Aaron brought Ray to the next lockdown, I was fuelled with hatred towards her but glad she was there so I could keep an eye on her. We walked through the abandoned hotel together hand in hand, I placed her on top of a dresser and like good old days I made love to Ray. It was passionate, dangerous and full of love. In this moment I realised I wanted to fight for us, you don't always get a chance to relive the past and I was given this gift and I wasn't going to let her slip away from me every again. She held my gaze and looking into her green eyes I saw hope for a new beginning. Her skin felt soft, a slight touch of her sent shocks to my nerves. I could see my past and future in her eyes, I wished Ray would understand what she means to me.

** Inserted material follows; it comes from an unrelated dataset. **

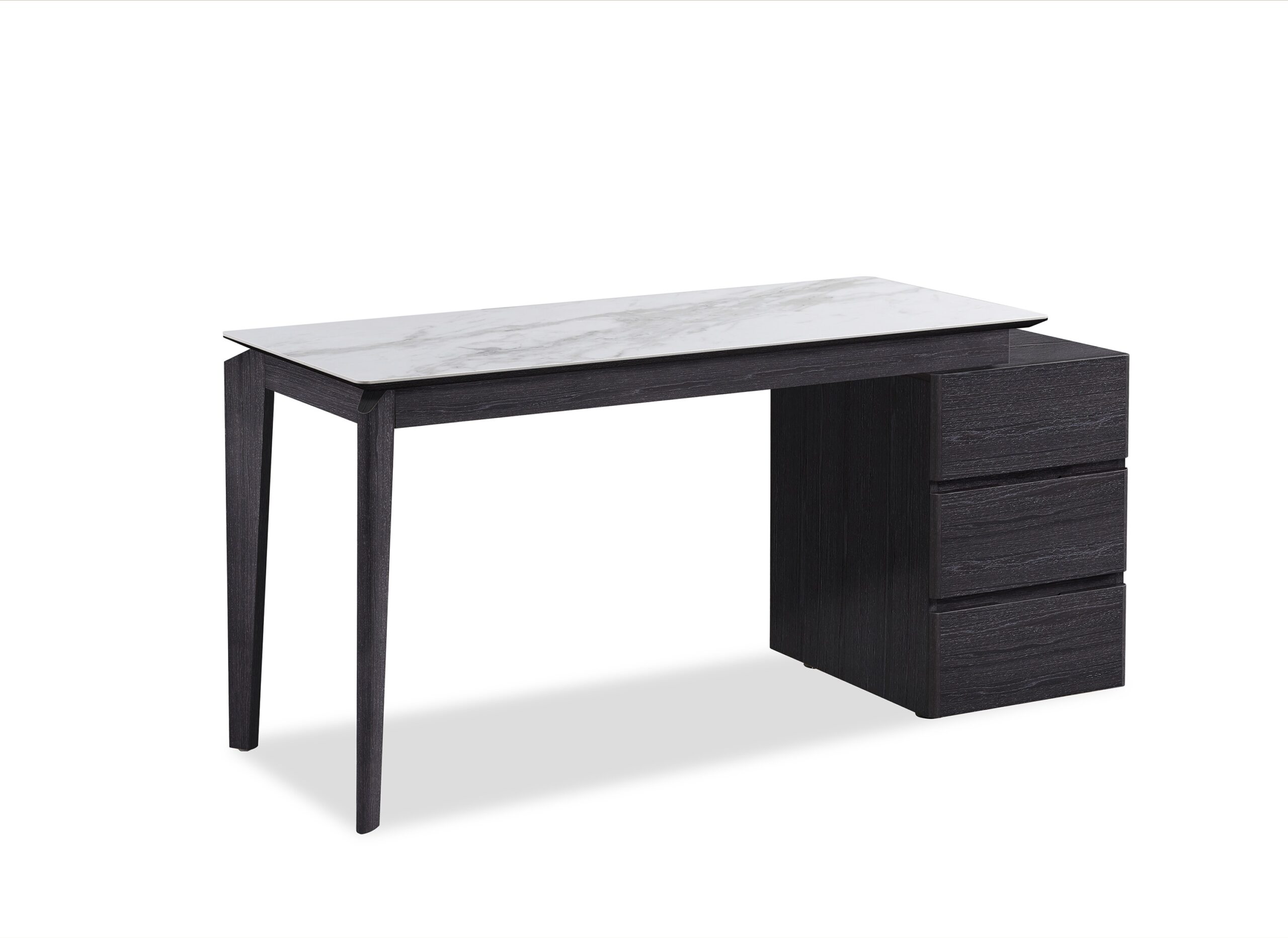 The Slate desk by J&M is innovative in its combination of luxurious materials, bringing together the best that ceramic and oak veneer has to offer. The Slate’s tabletop is comprised of a specially crafted ceramic, feauturing the beauty and complexity of carrara stone. Another prominent feature of the Slate is its ample storage, providing three sizable drawers to accommodate your office needs. The perfectly complemented Grey-Ash stained oak veneer surrounds the base of the desk on all sides, making this desk a true marvel to behold at any angle.

As sunset was upon us and lockdown was near I turned to face Ray who was explaining to me she was ill and couldn't do lockdown. She planted a kiss on me, a kiss that held a thousand thoughts. I promised her I'll see her an hour after dawn, I didn't realise that it was the last time I saw her. There was a note written to me;
"Zak. I can't do this. I need to go back to Paris and continue my life. I don't want to be a burden on your life. I want you to know the way you made love to I had recognised the feeling before. I now understand your past life, with me. We both hold spectacular gifts and yet we clash. Maybe in our past life we where meant to be, I'm sorry. I do love you, I always will. Ray."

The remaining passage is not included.